REN takes the generated sentence S as input, then the sentence is processed by RNN with attention network and average pooling layer, the word embedding vector is formed by connecting the sentence embedding vector with attention and the sentence embedding vector after pooling as comprehensive representation of generating caption, then two full connection layers and sigmoid transformation are applied to obtain the weight W of different words_t. Mathematically, the loss function can be formalized as (11):

Wr_t＝RW_t+R-b (10)

different words representing the generated sentence.

To take advantage of index-based rewards (CIDER) and constrain sentence space, after CIDER optimization, word-level rewards are employed to fine tune the caption network, and furthermore, to optimize REN simultaneously, we define the update of REN as another RL process with reward R-b. We observe that R-b is too small resulting in a weaker gradient for REN, so the hyper-parameter γ is set to enhance the gradient. Similarly, REN may be updated by a reinforcement learning algorithm with the following loss function:

4. the method for generating image captions based on a multi-granular incentive mechanism and a multi-attention fusion network according to claim 1, wherein the specific process of S3 is as follows:

the RN is pre-trained to converge with different labels for the images because each image has five different labels. We encode the tags and generate subtitles for the features in the same embedding space of the RN:

s_i＝LSTM(C_i) (13)

g_j＝LSTM(G_j) (14)

wherein

Is the correct word pair, and

5. The method for generating image captions based on a multi-granular incentive mechanism and a multi-attention fusion network according to claim 1, wherein the specific process of S4 is as follows:

the multi-attention fusion network based on the multi-granularity reward mechanism comprises a multi-attention fusion model (HAF), a reevaluation network (REN) and a Retrieval Network (RN).

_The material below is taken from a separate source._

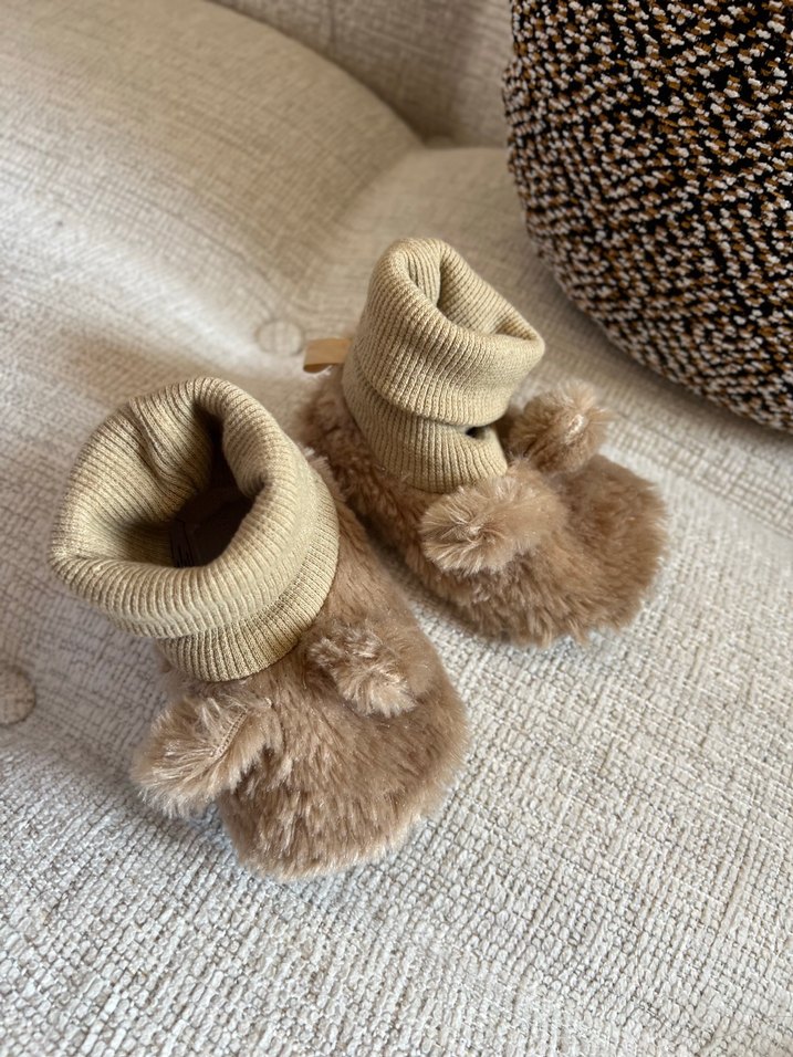 Kız çocukları için bej renkli yün terlik, yumuşak kürk detayları ve nakışlı bohem tarzıyla sıcaklık ve rahatlık sağlar.

6. The method for generating image captions based on a multi-granular incentive mechanism and a multi-attention fusion network according to claim 1, wherein the specific process of S5 is as follows:

the training and training method of the multi-attention fusion network based on the multi-granularity reward mechanism comprises the following steps:

In the word-level reward training phase, the image subtitle model trains the CIDER reward of 20 iteration cycles and the reward level reward of 10 iteration cycles in advance. In sentence-level reward training, RN trains 10 iteration cycles in advance with different real labels per img, where word embedding and LSTM hidden sizes are set to 512 and joint embedding size is set to 1024, and the hyper-parameter edge α is set to 0.2. In addition, the subtitle model for baseline (b) was trained using cross entropy for 30 epochs, with the iteration period for sentence-level reward training set to 30.